Although noise degrades the performance of all models, FSNet still demonstrates better robustness. In the noise-free case, FSNet's F1-score is 2.1% higher than ResNet50, and under 5% and 10% noise, the improvement reaches 4.5% and 6.0%, respectively.
Finally, for generalization improvement, the authors replace the backbone network in existing text detection methods with FSNet, including DB, PAN, and FAST architectures, with results shown in the table below:
After replacing the original backbone networks of these methods with FSNet, both DB and PAN's F1-scores increased by about 1.5%, and FAST's increased by about 1.8%. This result shows that FSNet not only improves recognition ability independently but also effectively enhances the detection performance of various existing methods when used as a backbone network.
If you're interested in the other network architectures mentioned above, you can refer to our previous articles:
Ablation Study
Next, the authors validate the effectiveness of each design. Here, we see the results of an ablation study using the Total-Text dataset, with ResNet50 as the baseline model for comparison.
The results show that FSNet achieves a 2.1% improvement in F1-score. Furthermore, after introducing the central line features in CTBlock, there is an additional improvement of 0.5%.
Comparison with Other Methods
The table above shows the comparison results for multi-directional text detection on the MSRA-TD500 dataset. It can be seen that MixNet achieves an F1-score of 89.4%, which is 2.1% higher than other methods, confirming its superior performance in multi-language and multi-directional text detection scenarios.
Next, we look at the comparison for arbitrary-shaped text detection on the Total-Text dataset, as shown in the table above.
MixNet achieves an F1-score of 90.5% on Total-Text, 1.5% higher than TextFuseNet.
Visualization Results
Conclusion
The MixNet architecture proposed in this paper, with FSNet and the CTBlock modules as the core, successfully solves the issue of high-resolution features being easily affected by noise during the traditional multi-scale feature fusion process.

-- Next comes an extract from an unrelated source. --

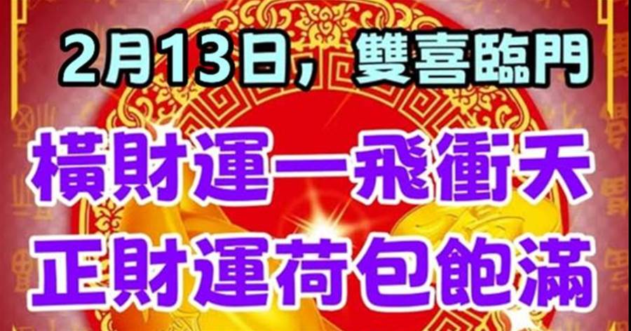 2月13日雙喜臨門,橫財運一飛沖天,正財運荷包飽滿!這些生肖快接福!!

It also significantly improves the detection accuracy for small, curved, and low-quality text.
The experimental results also confirm that FSNet can be easily integrated into different architectures and effectively improve their overall detection performance.
The implementation of this paper is not particularly difficult, but after adding FSNet, the inference speed slows down by about 30%. When applying it, we still need to consider the balance between speed and accuracy.